練習してうまくなんないと表に出られないから。」

子育て世代を中心に人気を集めてきた電動アシスト自転車。
2~3年前から、高齢者からの問い合わせが増えているといいます。

サイクルベースあさひ 保木間店 岩松彬允店長
「車は怖いので自転車に代えますという方が多い印象を受けますね。
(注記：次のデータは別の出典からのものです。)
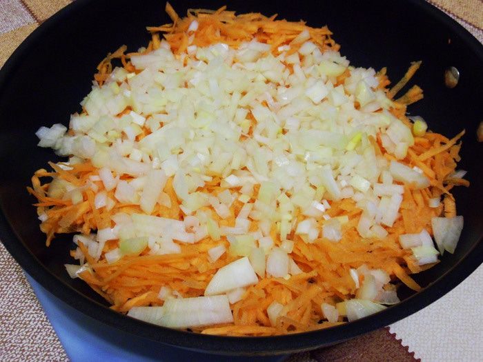 Отдельно, в другой сковороде, пожарить (только до мягкости моркови и лука) тертую морковь и вторую часть лука.
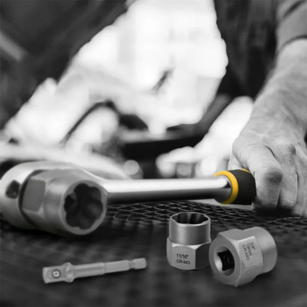 Підходить до розмірів шестигранної головки: 6,35 мм (1/4 дюйма), 8 мм (5/16 дюйма), 9,5 мм (3/8 дюйма), 10 мм, 11 мм (7/16 дюйма), 12 мм, 12,7 мм (1/2 дюйма), 13 мм, 14 мм (9/16 дюйма), 16 мм (5/8 дюймів), 17 мм, 17,5 мм (11/16 дюймів), 19 мм (3/4 дюйми), ідеально підходить для заміни іржавих, закруглених або ослаблених гайок і болтів.
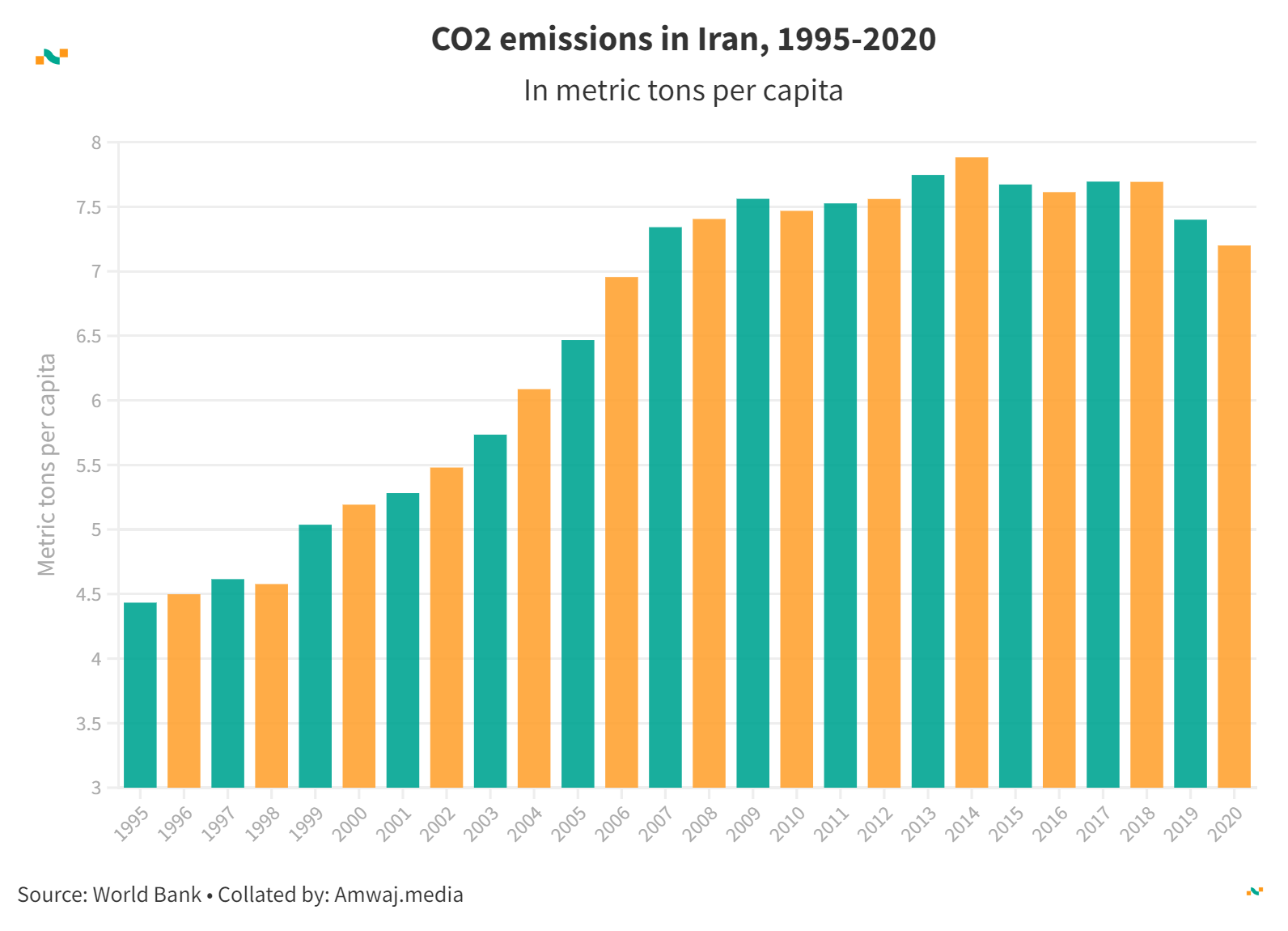 CO2 emissions in Iran, 1995-2020
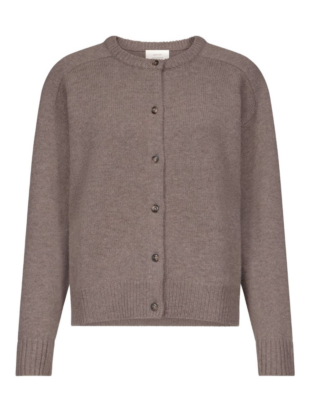 ribbed crew-neck cardigan Highlights - Brown - Wool cashmere blend - Button fastening - Ribbed cuffs - Ribbed hem - Crew neck Imported Composition Wool 90%, Cashmere 10% Washing instructions Read Manufacturer Guidelines
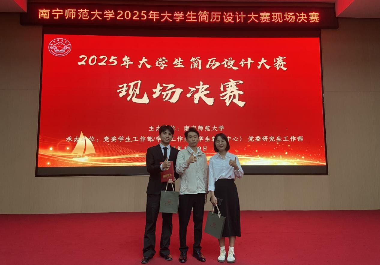 参加简历大赛决赛师生队伍(左:参赛选手龚崇伟,中:带队老师兰勇,右:参赛选手黄盟意)
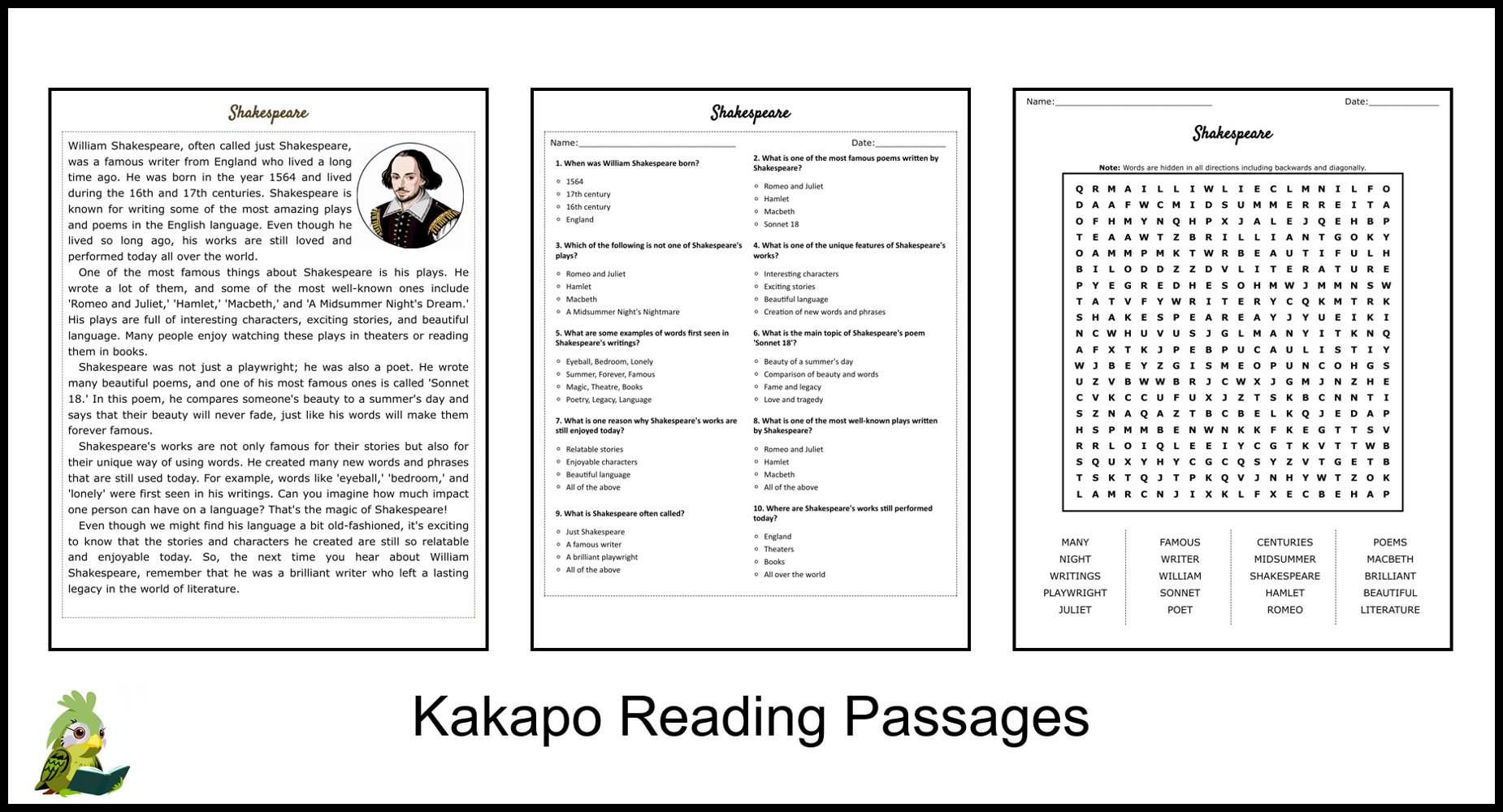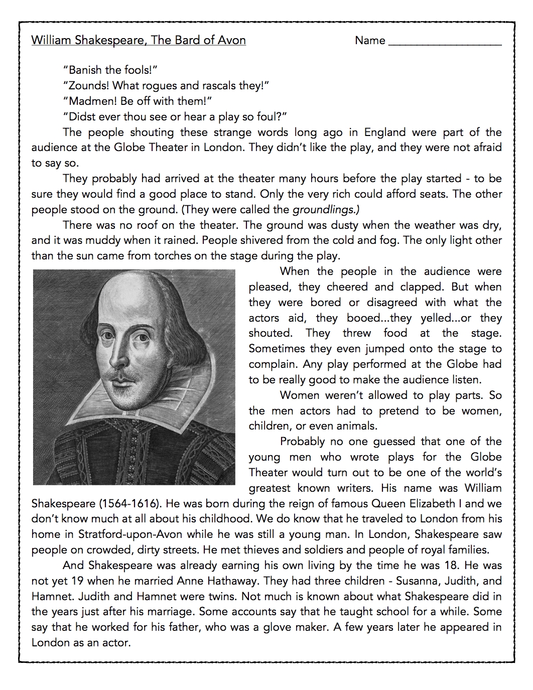 William Shakespeare Reading Comprehension Passage And Assessment Classful

」

最近では、高齢者向けの商品も増えてきています。

サイクルベースあさひ 保木間店 岩松彬允店長
「(高齢者が)足を上げて乗るのはきついので非常にまたぎやすい形状になっている。」

さらに、車輪が小さいものも。
これは重心を低くすることで、走行中のふらつきを減らそうという工夫です。

高齢者 自転車運転のリスクは

一方で、高齢者が自転車を運転することにはリスクも伴います。
さらに電動アシスト自転車は、普通の自転車よりスピードが出やすく、車体も重くなっています。
去年6月には愛知県で、88歳の男性と69歳の女性が乗る2台の電動アシスト自転車が出合い頭に衝突。
男性が頭を強く打って死亡しました。
去年1年間に全国で46件の死亡事故が発生し死者のうち8割が65歳以上でした。

電動アシスト自転車のユーザーに話を聞くと、自分も危ない目に遭ったという人が少なくありませんでした。

電動アシスト自転車のユーザー
「踏み込みが、慣れてないと、がっと出ちゃうから。
自分たちが気をつけないと、人にぶつけたりするから。」

電動アシスト自転車のユーザー
「自分で転んだこともあります。
人に助けてもらって起き上がったりしたこともあります。」

電動アシスト自転車 安全に利用するために

私たちも、もちろん注意が必要なんですが、専門家によると、高齢者は視力の低下に加え、視野が狭くなっています。
また、とっさの時の反応速度も鈍くなっていて、危険に気づいてもブレーキをかけるのが遅くなる傾向にあるといいます。
では、高齢者の皆さんが安全に電動アシスト自転車を利用するにはどうすればいいのでしょうか。

専門家に聞く 自転車の乗り方チェック

各地で自転車の乗り方を指導している谷田貝一男さんに練習中の山田さんの乗り方をチェックしてもらいました。
まず大事だというのが、ヘルメット。
最近は、高齢者向けに帽子のようなデザインのものもあります。

自転車にまたがりますが、さっそく専門家から指摘が。

日本自転車普及協会 谷田貝一男さん
「ブレーキをかけるまでは電源を入れないでください。
またいだ後、ペダルにはまだ足を乗せないでください。
ブレーキをしっかり握って、その後に電源を入れてください。」

電源がオンの状態でペダルに足を乗せると、自転車が急発進する危険があるためです。
必ずブレーキを握ってから電源を入れ、その後、ペダルに足を乗せる。
この順番が大事だといいます。

そしてこぎ出しは、ゆっくりと。
通常の自転車と比べて、進む力は最大で2倍になります。
一気に踏み込むと、急加速して転倒につながるおそれがあります。

片足をペダルに乗せ、地面を蹴って乗り込む「ケンケン乗り」は勢いが付きすぎる恐れがあり、絶対にやめるべきだといいます。

日本自転車普及協会 谷田貝一男さん
「なかなかまっすぐ行ってますね、ふらつきないですね。」

団地の中で練習を繰り返した山田さん。
この日の最後、団地近くの坂道を上ってみました。
普通の自転車だと押して歩くほど急な坂ですが、アシストの力で、一度も止まらずに上りきることができました。

日本自転車普及協会 谷田貝一男さん
「ふらつきもありませんでしたので、これだったら大丈夫だと思います。」

山田一二さん
「やっとふらつかなくなったんですよ。」

日本自転車普及協会 谷田貝一男さん
「車が来たときは無理をしないで止まって、場合によっては降りてしまう。